Exercise description =
Every line of the listing below must be printed again exactly, apart from its pictures.

Collected material =

^^^^^^^^^^^^^^^^

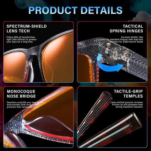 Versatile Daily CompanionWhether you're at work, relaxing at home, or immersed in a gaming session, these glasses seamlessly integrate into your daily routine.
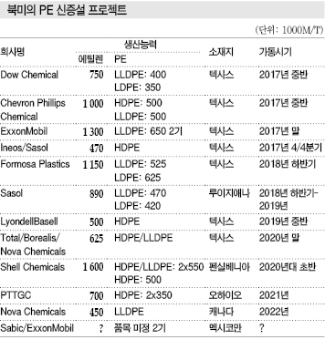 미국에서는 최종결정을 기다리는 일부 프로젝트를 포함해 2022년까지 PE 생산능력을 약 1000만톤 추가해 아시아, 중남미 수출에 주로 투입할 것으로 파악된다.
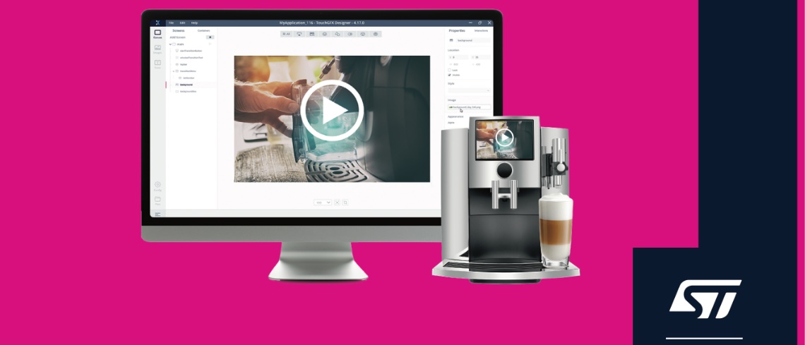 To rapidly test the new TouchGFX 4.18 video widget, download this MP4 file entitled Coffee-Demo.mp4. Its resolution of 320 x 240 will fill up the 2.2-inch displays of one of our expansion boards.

^^^^^^^^^^^^^^^^

Answer for the task =
 Versatile Daily CompanionWhether you're at work, relaxing at home, or immersed in a gaming session, these glasses seamlessly integrate into your daily routine.
 미국에서는 최종결정을 기다리는 일부 프로젝트를 포함해 2022년까지 PE 생산능력을 약 1000만톤 추가해 아시아, 중남미 수출에 주로 투입할 것으로 파악된다.
 To rapidly test the new TouchGFX 4.18 video widget, download this MP4 file entitled Coffee-Demo.mp4. Its resolution of 320 x 240 will fill up the 2.2-inch displays of one of our expansion boards.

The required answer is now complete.